Along this line, Dellarocas et al. (2010) further suggest that movie goers are more prone to post review
for the most or least popular movies measured by box office revenues.
There is an emerging literature stream examining how existing ratings affect subsequent ones. In a
lab setting, Schlosser (2005) identifies the “self-presentational” phenomenon in which a review poster
strategically adjusts her product ratings downwards after observing negative opinions by others, in order
to present herself as intelligent. She also finds that a consumer would make her opinions more balanced if
the opinions from the crowd exhibit a high level of dissention. Li and Hitt (2008) argue that predominant
declining trend of book ratings can be attributed to consumers’ “self-selection” bias, meaning that early
buyers have higher perceived quality and therefore tend to give higher ratings than do later buyers. Using
reviews posted on an online retailer of bath, fragrance and home products, Moe and Schweidel (2012)

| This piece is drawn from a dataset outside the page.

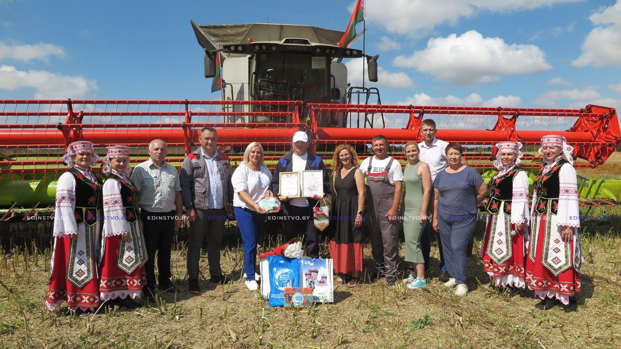 Поздравить передовиков с трудовой победой приехали начальник отдела идеологической работы и по делам молодежи райисполкома Татьяна Чуйкова, председатель райкома профсоюза работников АПК Антонина Котова и первый секретарь райкома БРСМ Александр Осипенко, представители райсельхозпрода и сельскохозяйственных предприятий, в которых работают комбайнеры.

show that consumers’ rating behavior is influenced by rating environments where they are exposed. In
particular, they find that a consumer is more inclined to share her experience when the existing ratings
have high valance and high volume. In addition, active posters are found to be more negative and exhibit
differentiation behavior, which is consistent with the self-presentational strategy suggested by Schlosser
(2005). Lee et al. (2014) distinguish prior ratings by the friends from those by the strangers and
investigate whether these two different sets of ratings have distinctive impact on a focal individual’s
opinions. They find that friends’ opinions always induce herding and the presence of social networking
dampens the impact of opinions from the crowd.
Research studying consumer rating behavior naturally leads to another stream of literature which
examines whether customer reviews can represent true product quality. This particular literature stream
can be further classified into two categories, depending on whether publicly available reviews are entirely
generated by consumers or partially manipulated by firms. Following the notion that online ratings are
truly truthful, Hu et al. (2006) discuss whether the mean of posted ratings can represent true product
quality. In particular, they develop an analytical model assuming that a consumer would post a review
only when the level of her satisfaction is either above or below a “brag-and-moan” interval; she would
7
otherwise be silent. Based on this assumption, they show that the average rating can serve as an unbiased
signal if and only if two bounds of the interval are equal or symmetrically deviate from the true quality.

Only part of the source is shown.